Following a period of continued growth and operational development, Kenmare announced on 16 October 2018 a dividend policy to return a minimum of 20% of profit after tax on an annual basis to Shareholders as part of our objective to create and deliver shareholder value. This policy is subject to prevailing product market conditions and ensuring that the Company retains a prudent level of cash to fund debt and capital requirements.

In light of the capital required for development projects, the Company expects (subject to Shareholder and High Court approval of the Capital Reduction) to pay modest dividends during the next two years, starting with an interim dividend based on H1 2019 results, payable in H2 2019. Following completion of these development projects, the Company expects to be in a position to make higher capital returns from 2021.

As we stated in our October announcement, the Company, in order to be in a position to pay any dividend, must first eliminate its historic losses by reduction of its capital. The Company carries an accumulated deficit on its balance sheet (US$185,252,950 at 30 June 2018) reflecting accumulated losses on its activities since its incorporation. Under Irish company law, the Company is precluded from paying dividends, or (subject to certain exceptions) redeeming or repurchasing its shares, while it carries an accumulated deficit. A reduction of the Company’s capital to eliminate historic losses requires the approval of Shareholders and the consent of the High Court.

Accordingly, the Board proposes the Capital Reduction to eliminate that deficit and to provide the Company with the flexibility to pay dividends, or to redeem or repurchase its shares, in the future and in line with its dividend policy.

The Capital Reduction will not, of itself, create distributable reserves that would allow the Company to pay a dividend (or redeem or repurchase its shares).
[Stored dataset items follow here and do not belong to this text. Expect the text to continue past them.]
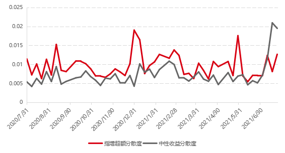 受月末行情影响,截面波动率在7月中下旬急速拉升,各板块的分化度均逼近或创造自2016年以来的历史最高值,月末沪深主板截面波动处于历史95%分位,创业板和科创板创造分化度新高,月末位于历史99.4%分位。分股票组看,沪深300成分股分化度明显提升,沪深300、中证500、中证1000成分股以及剩余小票的月末截面波动分别位于历史99.6%、96.7%、98.5%和97.8%分位。
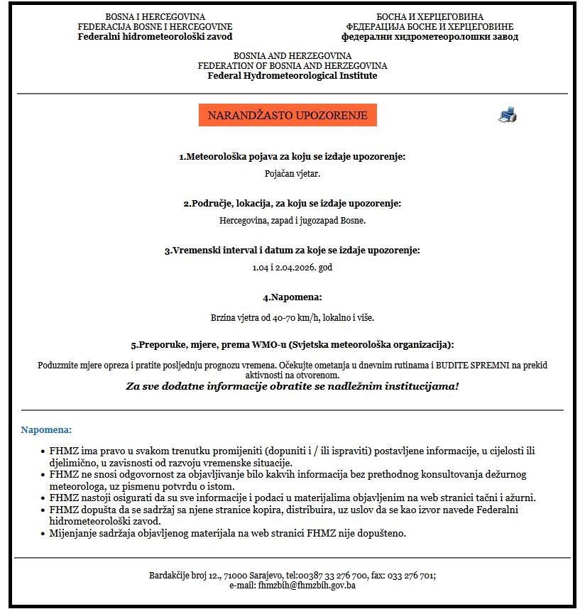 Prema zvaničnim informacijama, upozorenje se odnosi na područje Hercegovine, kao i zapad i jugozapad Bosne, gdje se očekuju izraženiji udari vjetra.
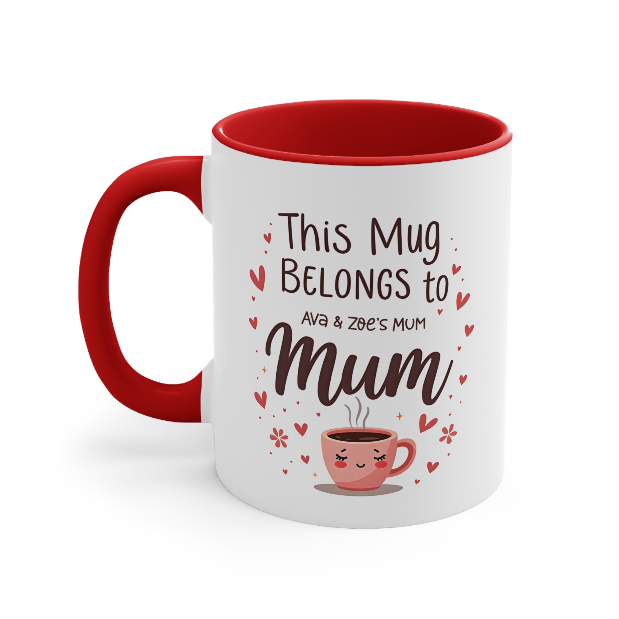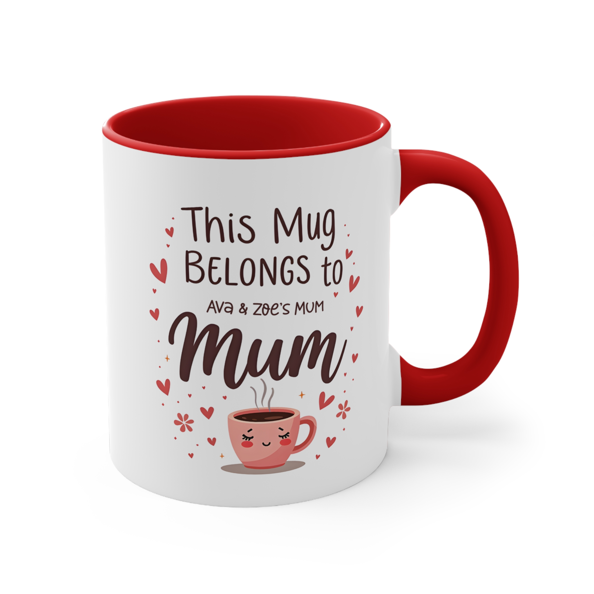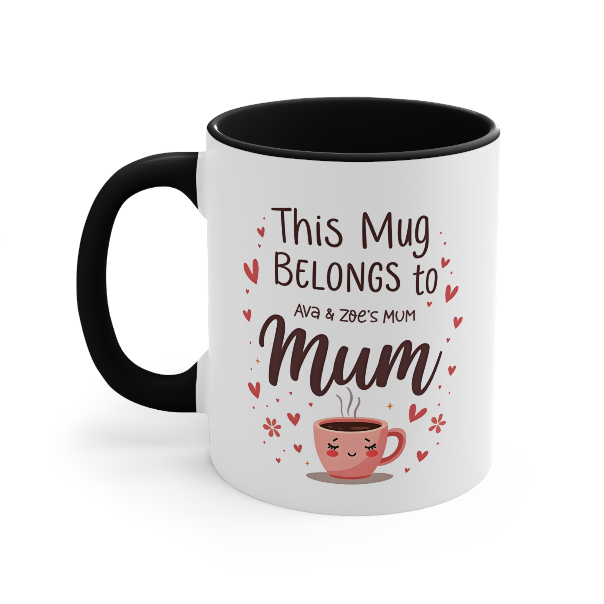 This personalised this mug belongs to mum design is a sweet and playful way to let Mum know she’s loved. Featuring a cute coffee cup illustration and personalised children’s names, this mug makes every sip feel extra special.
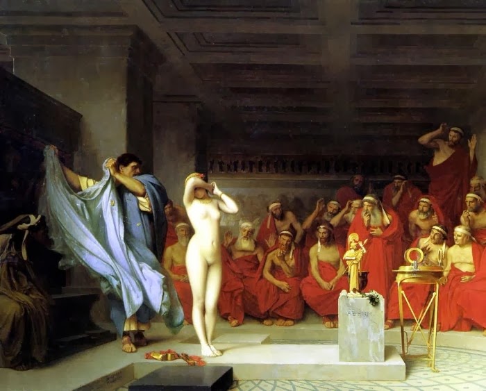 Οι δικαστές τα έχασαν. Νόμισαν ότι έβλεπαν μπροστά τους την ίδια τη Θεά Αφροδίτη. Οι φήμες για το απαράμιλλο κάλλος της εταίρας αποδείχθηκαν αληθινές.
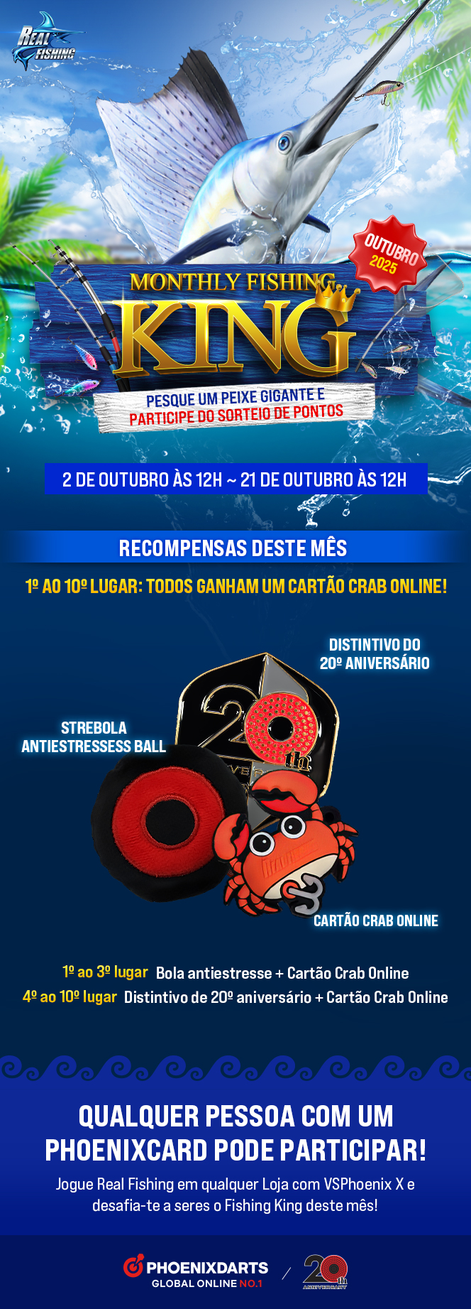 - WEB: Phoenixdarts APP → Clica no ícone REAL FISHING → Verifica a classificação

However, it would put the Company in a position to pay a dividend (or redeem or repurchase its shares) in circumstances where distributable reserves are created in future financial years and the Board determines that such reserves, when assessed alongside the ongoing financial performance of the Company and the interests of the Company generally at such time, are of such an amount as to justify payment of a dividend or other distribution.

If approved by Shareholders, and subsequently confirmed by the High Court of Ireland, the Capital Reduction will result in the partial cancellation of the Company’s share premium account and will eliminate the deficit on the Company's profit and loss account as at 30 June 2018.

The Circular (including the notice of EGM) will be shortly available on the Company's website, www.kenmareresources.com.

Copies of the Circular (including the notice of EGM) have been submitted to Euronext Dublin and the National Storage Mechanism from where it may also be obtained.

Capitalised terms used but not otherwise defined in this announcement will have the same meanings given to them within the Circular.

For further information, please contact:    

Kenmare Resources plc
Michael Carvill, Managing Director                                    
Tel: +353 1 671 0411                                                             

Tony McCluskey, Financial Director
Tel: +353 1 671 0411                                                             

Jeremy Dibb, Corporate Development and Investor Relations Manager
Tel: +353 1 671 0411
Mob: + 353 87 943 0367

Murray                                                                                     
Joe Heron / Aimee Beale                                                       
Tel: +353 1 498 0300                                                             
Mob: +353 87 690 9735                                                       

Buchanan
Bobby Morse / Chris Judd
Tel: +44 207 466 5000

Forward Looking Statements

This announcement contains some forward-looking statements that represent Kenmare's expectations for its business, based on current expectations about future events, which by their nature involve risks and uncertainties. Kenmare believes that its expectations and assumptions with respect to these forward-looking statements are reasonable. However, because they involve risk and uncertainty, which are in some cases beyond Kenmare's control, actual results or performance may differ materially from those expressed or implied by such forward-looking information.